* _Activity_
Extract the line that contains "Seit über vierzig" and every line after it through the end of the records below, exactly as written, leaving out any pictures.

* _Entries provided_

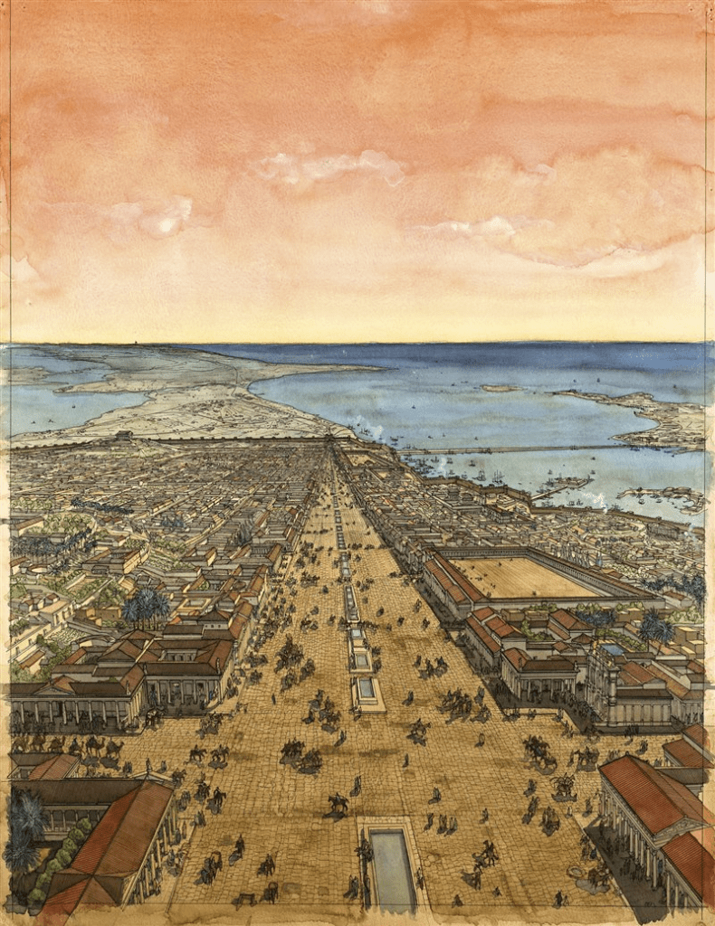La descripcion detalla y alaba con emocion los proyectos de infraestructura e ingenieria de la ciudad, que fascina a un griego culto que trbaja para Roma.
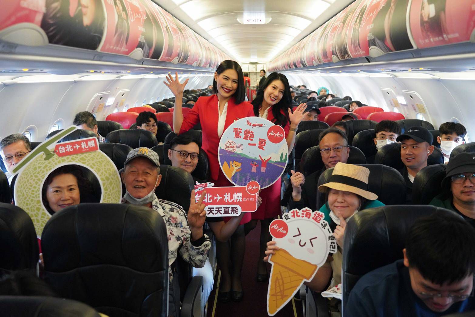 ทั้งนี้ แอร์เอเชียได้จัดกิจกรรมต้อนรับผู้โดยสารในเที่ยวบินแรกที่ท่าอากาศยานเถาหยวน ไทเป และมีพิธีต้อนรับที่ท่าอากาศยานชิโตเซะ ซัปโปโร โดยได้รับเกียรติจากการท่องเที่ยวไต้หวัน ประจำประเทศญี่ปุ่น การท่องเที่ยวฮอกไกโด และท่าอากาศยานชินชิโตเซะ พร้อมกับมาสคอต Kyun-chan มาร่วมต้อนรับผู้โดยสารอย่างอบอุ่น โดยในเที่ยวบินดังกล่าวมีอัตราการขนส่งผู้โดยสารเฉลี่ยที่ร้อยละ 85.
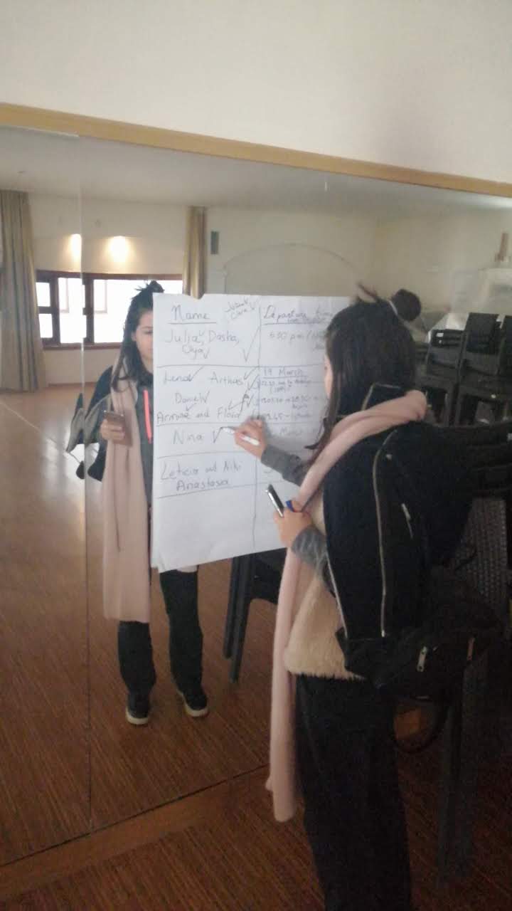 In short-term ESC projects, on-arrival training is done in the first week of the project. Since Berat, the project coordinator, had a minor injury and had to rest most of the time, we namely Arina, Ezgi and I have a bigger responsibility now. Of course, we do not complain about this situation; we plan our sessions and work in a great solidarity among each other. And Ale is there to support us. We think that she can help the volunteers and the organizing team as she did her short term ESC project in Bodrum the previous spring.
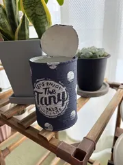 前回の雪の日にトマト缶にペイントして、ステンシルをしたのに大失敗。白で塗りつぶして途方にくれていましたが、気を取り直してステンシルシートからラインを写しとり、細筆で手書きしました。遠目に見るとそれなりに見えるなぁと自画自賛👏😅ひとつ完成したのでプチ充実感感じてます。
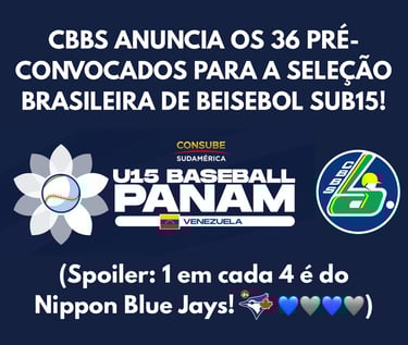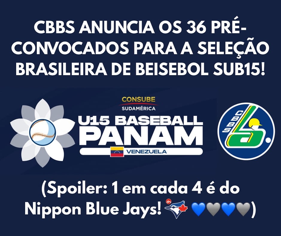 Nesse último fim de semana, 17 e 18 de maio de 2025, a Confederação Brasileira de Beisebol e Softbol (CBBS) realizou a seletiva no campo do Nippon Blue Jays, localizado no Nippon Country Club em Arujá, SP - e hoje, a CBBS publicou a lista dos 36 pré-convocados, que deverão comparecer nos dias 7 e 8 de junho de 2025, às 7h, para o café da manhã, no Anhanguera Nikkei Clube para a composição final da Seleção que irá disputar o Pan-Americano de Beisebol Sub-15 2025 na Venezuela!
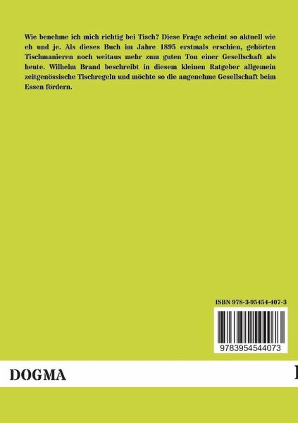 Wie benehme ich mich richtig bei Tisch? Diese Frage scheint so aktuell wie eh und je. Als dieses Buch im Jahre 1895 erstmals erschien, gehörten Tischmanieren noch weitaus mehr zum guten Ton einer Gesellschaft als heute. Wilhelm Brand beschreibt in diesem kleinen Ratgeber allgemein zeitgenössische Tischregeln und möchte so die angenehme Gesellschaft beim Essen fördern.
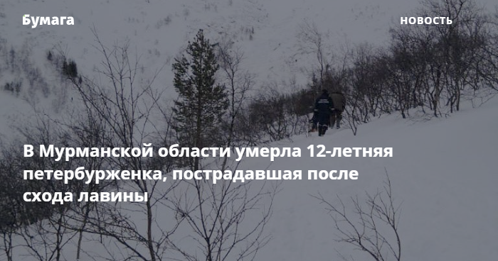Вечером 22 марта туристическая группа из Петербурга попала под сход лавины, под снегом оказалось несколько подростков. Девочку искали дольше остальных. Сначала она была в тяжелом состоянии, для ее эвакуации направили вертолет, но медики добрались до лагеря раньше и констатировали смерть. Девочка занималась спортивным туризмом 4 года, у нее был разряд.
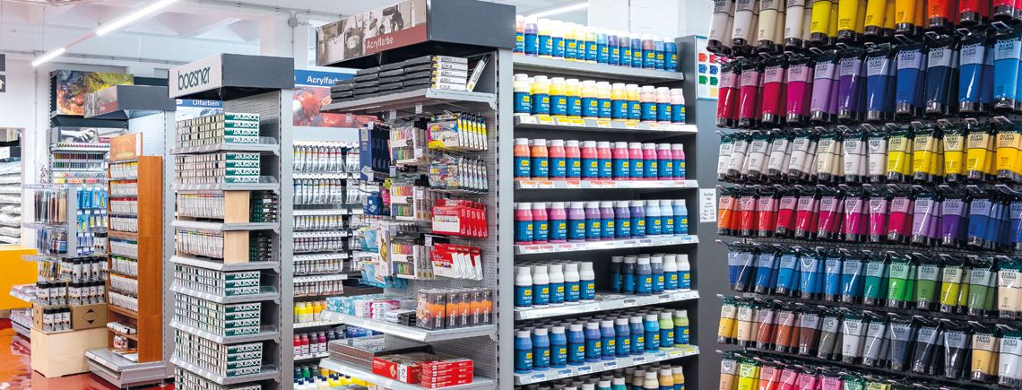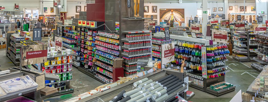 Seit über vierzig Jahren unterstützen wir Künstlerinnen und Künstler bei ihrer Arbeit – mit gutem Material, fairen Preisen und echter Leidenschaft für Kunst. Was klein begann, ist heute einer der führenden Anbieter für professionelles Künstlermaterial in Europa mit über 40 Standorten, einem starken Online-Shop, einem internationalen Versandservice und einem Sortiment von mehr als 26.000 Artikeln. Farben, Pinsel, Keilrahmen, Papier, Bücher, Rahmen – alles, was Kunst braucht, findet hier seinen Platz.
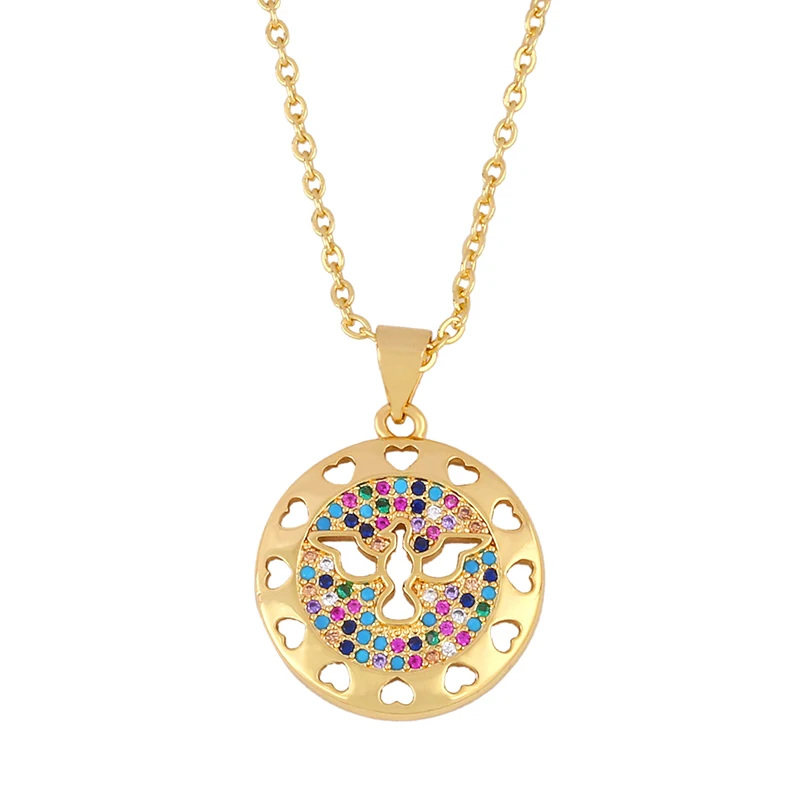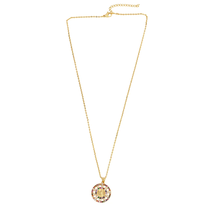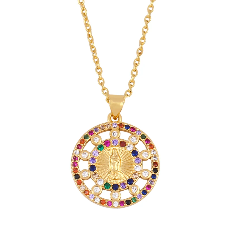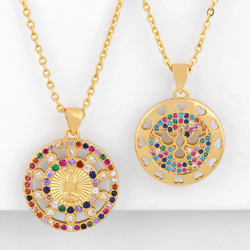 FLOLA Радуга Дева Мария подвески для женщин CZ Кристалл мира голубь подвеска ожерелья золотые украшения Дева гуадель nkeq27
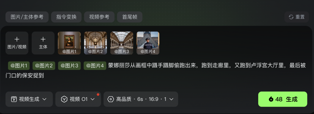 我把包括蒙娜丽莎、卢浮宫走廊、卢浮宫大厅、门口保安四个主题元素喂给了O1模型,并给予了AI一段剧情提示词:

* _Reply_
 Seit über vierzig Jahren unterstützen wir Künstlerinnen und Künstler bei ihrer Arbeit – mit gutem Material, fairen Preisen und echter Leidenschaft für Kunst. Was klein begann, ist heute einer der führenden Anbieter für professionelles Künstlermaterial in Europa mit über 40 Standorten, einem starken Online-Shop, einem internationalen Versandservice und einem Sortiment von mehr als 26.000 Artikeln. Farben, Pinsel, Keilrahmen, Papier, Bücher, Rahmen – alles, was Kunst braucht, findet hier seinen Platz.
 FLOLA Радуга Дева Мария подвески для женщин CZ Кристалл мира голубь подвеска ожерелья золотые украшения Дева гуадель nkeq27
 我把包括蒙娜丽莎、卢浮宫走廊、卢浮宫大厅、门口保安四个主题元素喂给了O1模型,并给予了AI一段剧情提示词:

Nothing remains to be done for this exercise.